US Law Enforcement Actions Targeting Crypto-Enabled Crime and Illicit Marketplaces
US authorities reported multiple enforcement actions tied to crypto-enabled crime. In the Empire Market case, prosecutors said co-creators Raheim Hamilton and Thomas Pavey designed the dark web marketplace to help users evade law enforcement and launder proceeds; the market allegedly facilitated about $430M in transactions (drugs, stolen payment data, counterfeit currency) before disappearing in 2020 in what investigators described as an exit scam that stole an estimated $30M in bitcoin. Hamilton pleaded guilty to federal drug conspiracy charges and agreed to forfeit roughly 1,230 BTC plus 24.4 ETH and real estate; Pavey previously pleaded guilty and agreed to forfeit about 1,584 BTC and other assets.
Separately, reporting highlighted alleged misuse and laundering of digital assets in other contexts. On-chain investigator ZachXBT traced movements from wallets associated with US-seized crypto (held under U.S. Marshals Service custodianship) to wallets allegedly linked to John Daghita, the son of a federal contractor executive, with claims of roughly $23M in diverted cryptocurrency and another wallet holding about $36M in Ethereum; ZachXBT said he alerted the U.S. Marshals Service.
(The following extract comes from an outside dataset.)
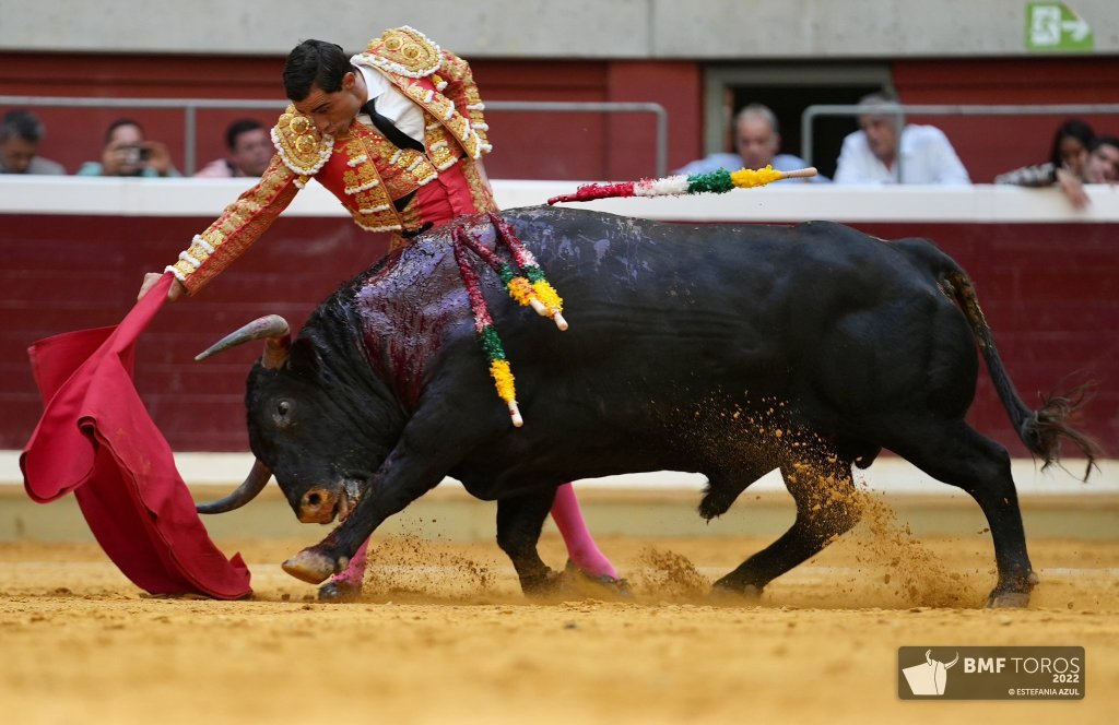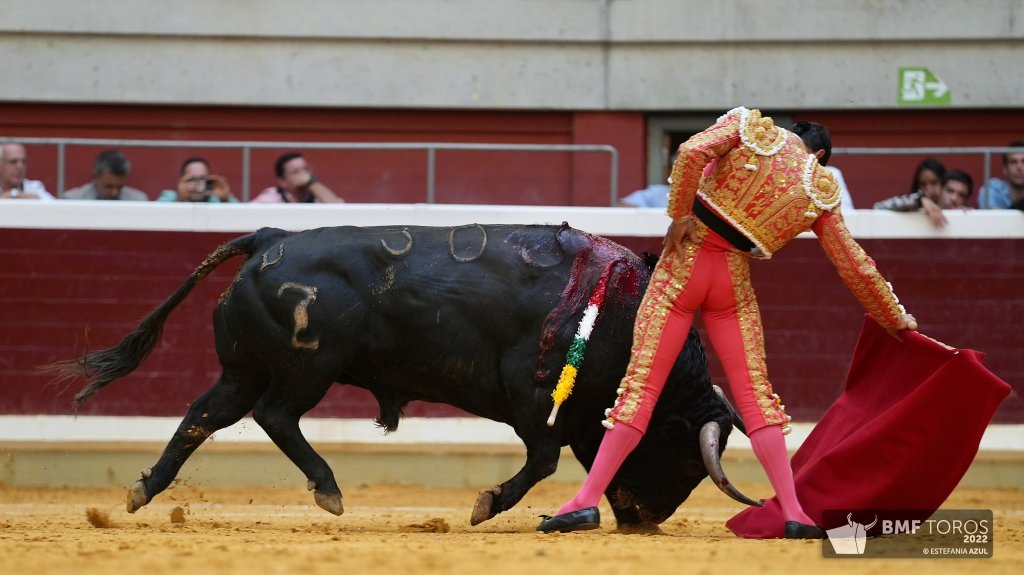 Por verónicas y una buena media saludó Leo Valadez al tercero, escuchando los olés de La Ribera. Fue un toro castaño con nobleza, humillando y queriendo tomar las telas por abajo. Protagonizó Valadez el tercio de banderillas, llegando al público; destacó un extraordinario par al quiebro. Toro con más trasmisión que sus hermanos al que el azteca aprovechó por los dos pitones, ligando series de mérito. Manoletinas para finalizar un buen debut en la plaza riojana, dejando estocada y paseando oreja con fuerte petición de la segunda que el presidente no concede. Pitos al palco.

In another DOJ case, Jingliang Su (a Chinese national) was sentenced to 46 months for laundering proceeds from a cryptocurrency investment fraud that authorities said victimized 174 people for $36.9M, using social engineering via social media/dating platforms and counterfeit trading sites, with $26.9M restitution ordered and multiple US agencies involved in tracing funds and dismantling the network.